[Stored data]
•••••

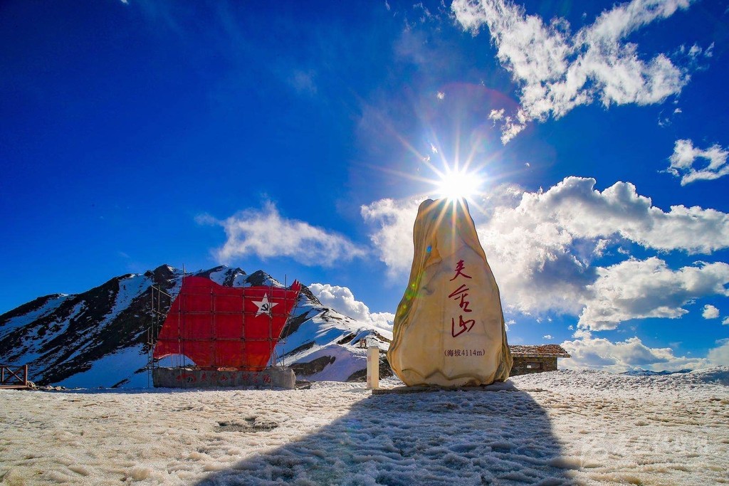 紅軍長征翻越夾金山紀念地被白雪覆蓋的石碑
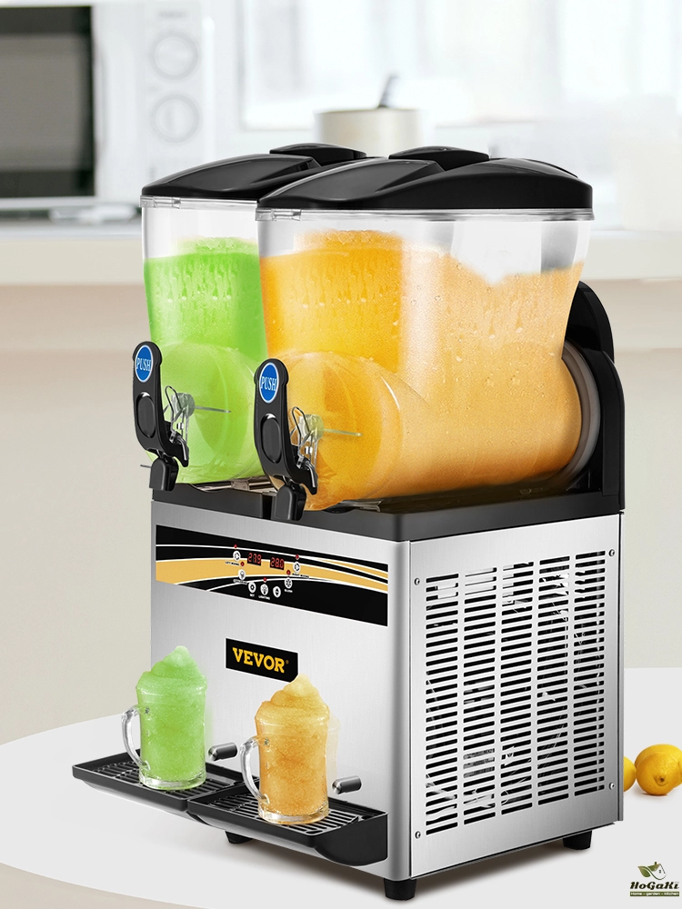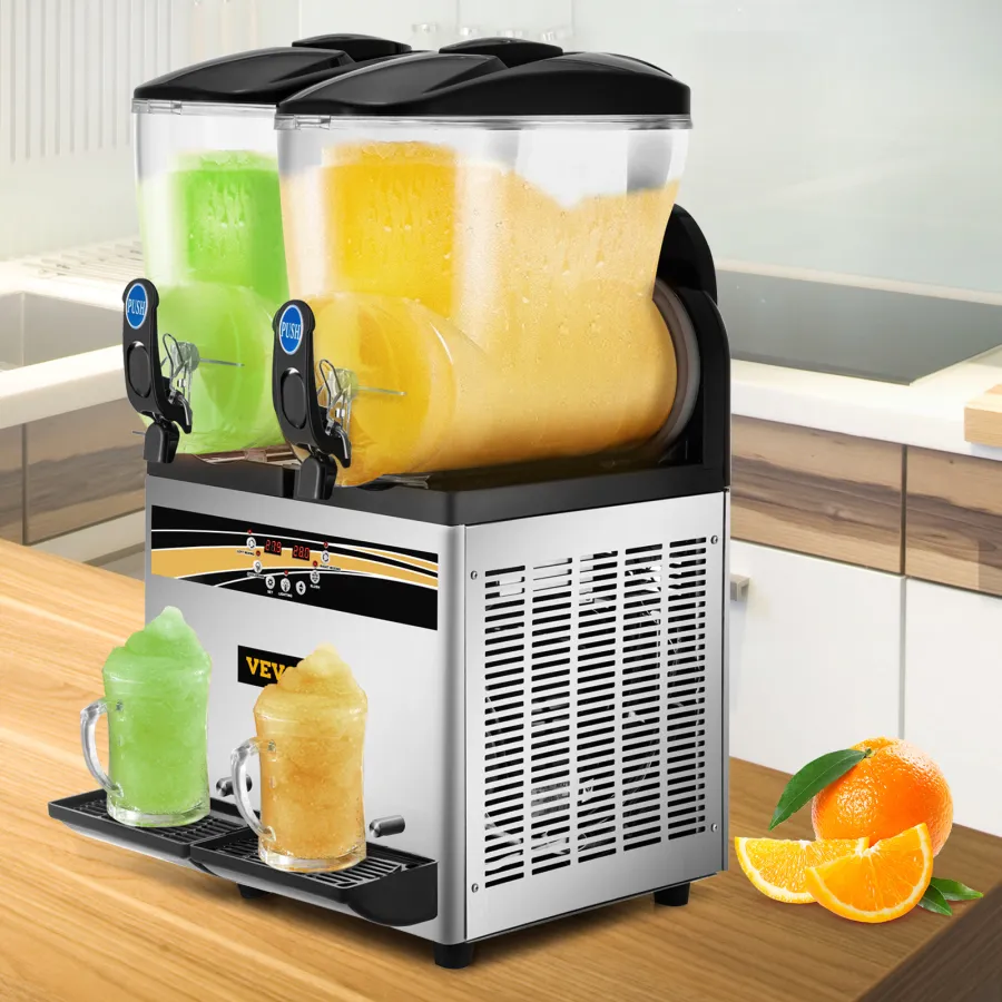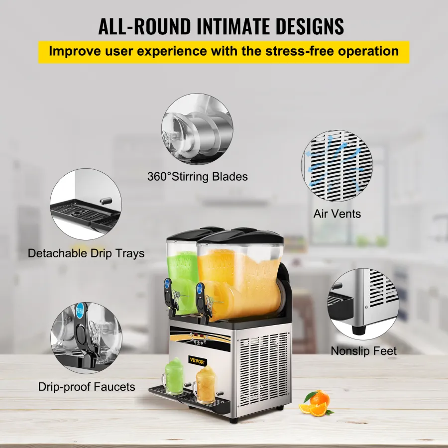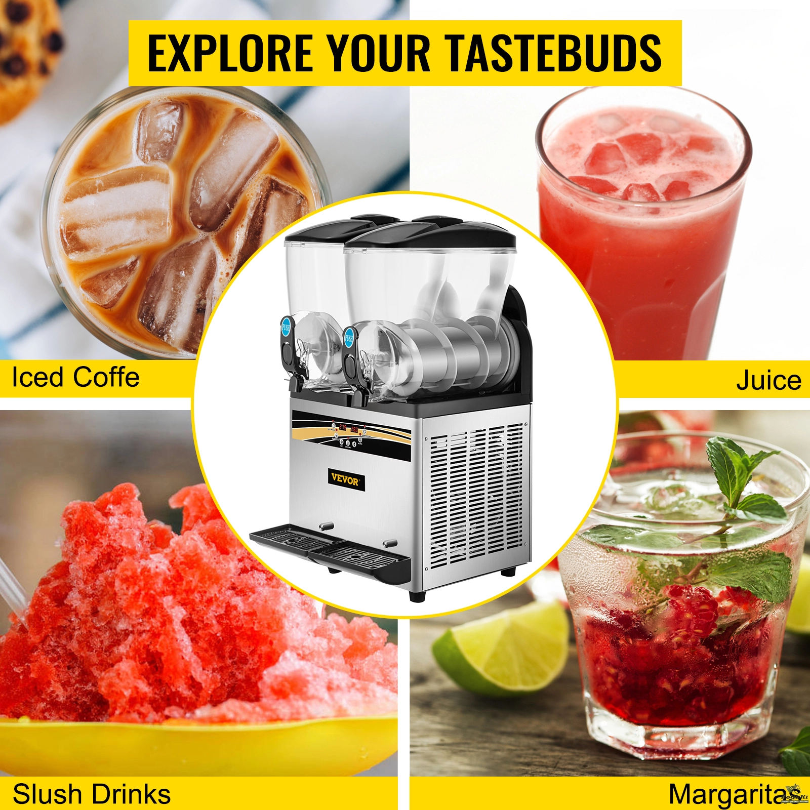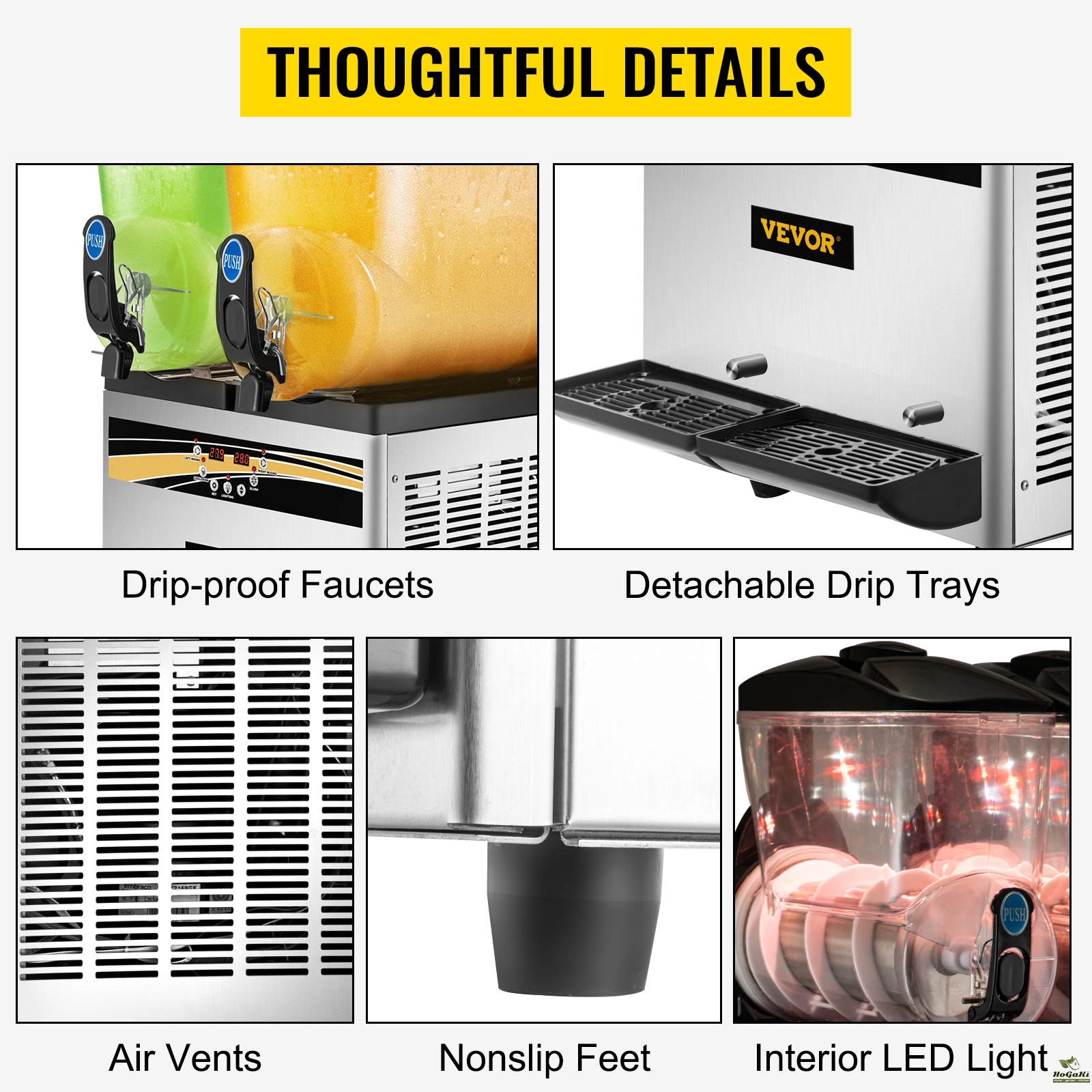 【30L/ 8GAL SLUSHIE MACHINE】 - With double tanks 15 L x 2/ 4 US gallon x 2 capacity, this frozen slush machine can hold a great number of slushies and drinks, and it can be used for different flavors. An interior bowl light illuminates your beverages, thus showcasing their vibrant colors and helping them sell themselves.
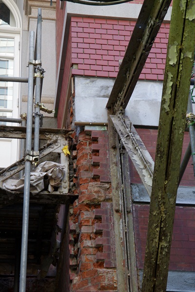 2階以上の部分のシートが外された東京駅です。もう光り輝く銅を見ることはできません。
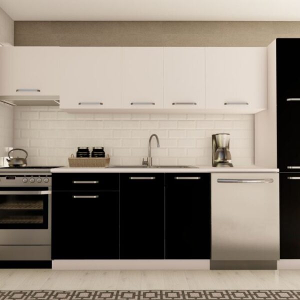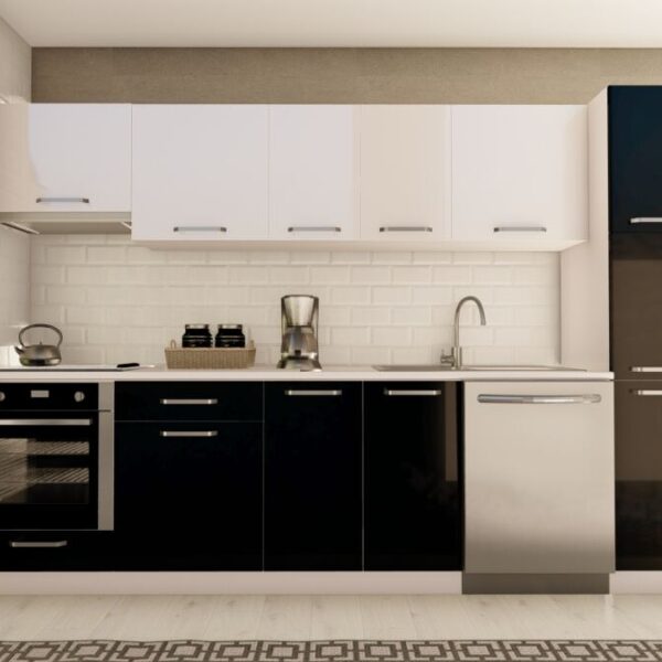 300 cm AYBÜKE HAZIR MUTFAK DOLABI ASPİRATÖR, ANKASTRE ve KİLER MODÜLLÜ PARLAK BEYAZ ve SİYAH
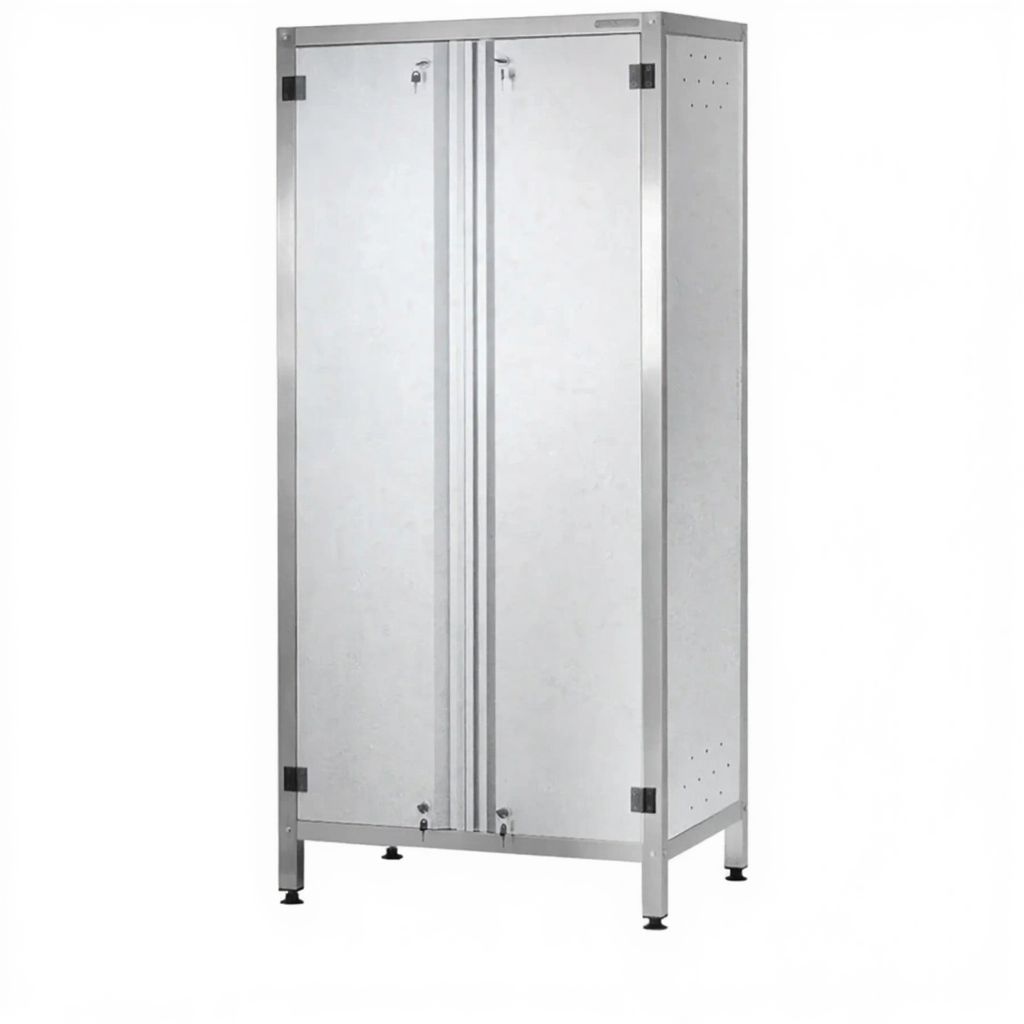 - Гибкость в оснащении и безопасности — базовая комплектация включает две усиленные полки. Отсутствие в комплекте замков (без к-та замков) предоставляет свободу выбора: можно установить подходящий запорный механизм — от простой защелки до надежного врезного замка — в зависимости от требований к безопасности на объекте.
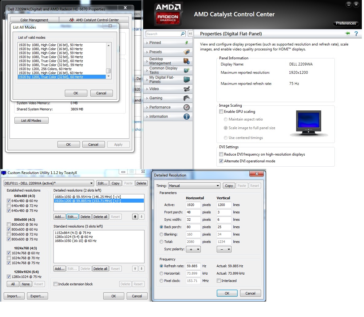 (12-11-2014 05:52 PM)ToastyX Wrote:(12-11-2014 05:04 PM)network4me Wrote: @ToastXThe "LCD standard" option should fill those in for you. The 2209WA will accept both 1920x1200 and 1920x1080, but 1920x1080 will be stretched to the wrong aspect ratio. so in layman terms i dont have to enable gpu scaling (getting it wrong in the first place ) just simple LCD standard ok and reboot. Thanks will post the success news fingers crossed, here goes all or nothing...@ToastyX @ToastyX here is the result, a bit confusing as reported maximum 75hz but in list mode available 60hz , both for 1920 x 1200 which i got thanks to your fantastic tool , so what refresh rate am i in ?beside can i do something about anitaliasing as my screen definitely suffering from it, my catalyst set to app managed about it and sample method set to multisampling , standard 3D settings is balanced,Tessellation amd optimzed , Anisotropic filtering app managed ,any thing do i need to tweak here , i know these questions getting related to a specific card,so my question would be based on your experience do you think i need to enhance the refresh rate ?as from the picture doesnt they look a bit aliased from the previous attachment? Thanks |
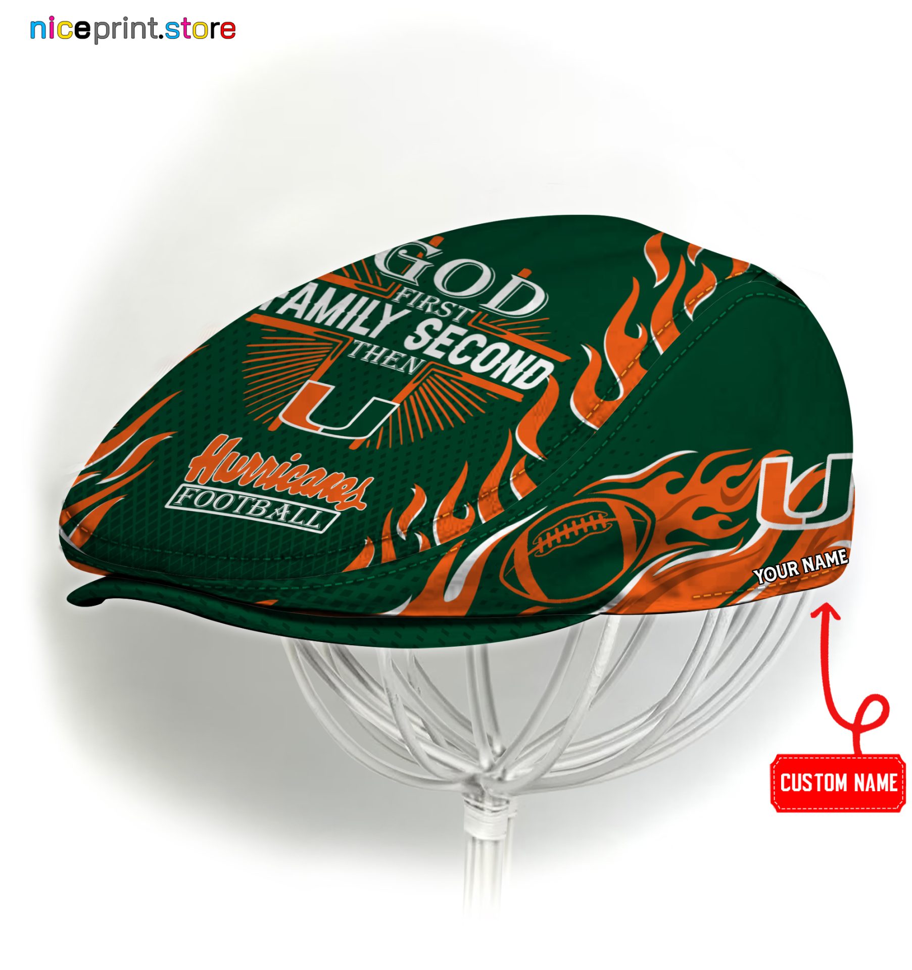 Miami Hurricanes NCAA Jeff Cap, Flat Cap, Driving Cap M47

•••••

- [Aim of the exercise] Copy only the lines above from the one containing "them sell themselves." through the one containing "300 cm AYBÜKE", both included. Leave out the pictures.

- [Exercise answer]
 【30L/ 8GAL SLUSHIE MACHINE】 - With double tanks 15 L x 2/ 4 US gallon x 2 capacity, this frozen slush machine can hold a great number of slushies and drinks, and it can be used for different flavors. An interior bowl light illuminates your beverages, thus showcasing their vibrant colors and helping them sell themselves.
 2階以上の部分のシートが外された東京駅です。もう光り輝く銅を見ることはできません。
 300 cm AYBÜKE HAZIR MUTFAK DOLABI ASPİRATÖR, ANKASTRE ve KİLER MODÜLLÜ PARLAK BEYAZ ve SİYAH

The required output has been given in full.